From diagnostic gap to system resilience: a new paradigm for antimicrobial resistance control in conflict-affected countries

May 12, 2026
48
УДК:  614.2:616.9:579.61:616.34-008.8
Specialities :
Resume

Antimicrobial resistance (AMR) remains one of the most critical threats to global public health in 2024–2026, directly causing over 1.14 million deaths annually worldwide. Effective AMR control requires integrating three dimensions largely studied in isolation: equitable access to microbiological diagnostics, gut microbiome modulation, and health system resilience. Objective: to develop an integrated conceptual model of AMR control combining diagnostic equity, micro­biome modulation, and health system resilience, with practical recommendations for conflict-affected health systems, particularly Ukraine. Methods. Systematic literature review (PubMed, Scopus, Web of Science, 2024–2026; 33 sources); WHO and CDC data analysis; synthesis of the author’s prior published research. Results. A structural diagnostic gap between LMICs and high-income countries is a key driver of empirical antibiotic overuse. The gut microbiome functions as a resistome reservoir, colonisation resistance barrier, and drug bioavailability modifier.

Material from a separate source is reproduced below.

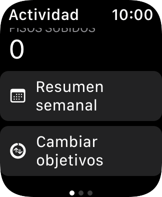 Sigue deslizando el dedo hacia arriba y sigue las instrucciones de la pantalla para consultar la vista de la actividad de la semana en curso o para adaptar los objetivos de la actividad diaria.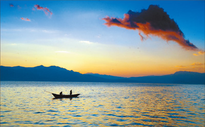 夕陽下的洱海。陳小鐵攝(人民視覺)

Five critical management deficits of Ukraine’s healthcare system under biological threats were identified, and a proactive Anticipation–Adaptation–Recovery algorithm was proposed. Conclusions. Integration of diagnostic equity, microbiome surveillance, and management resilience, combined with antimicrobial stewardship programmes and digital tools, constitutes a necessary condition for effective AMR control in conflict-affected health systems.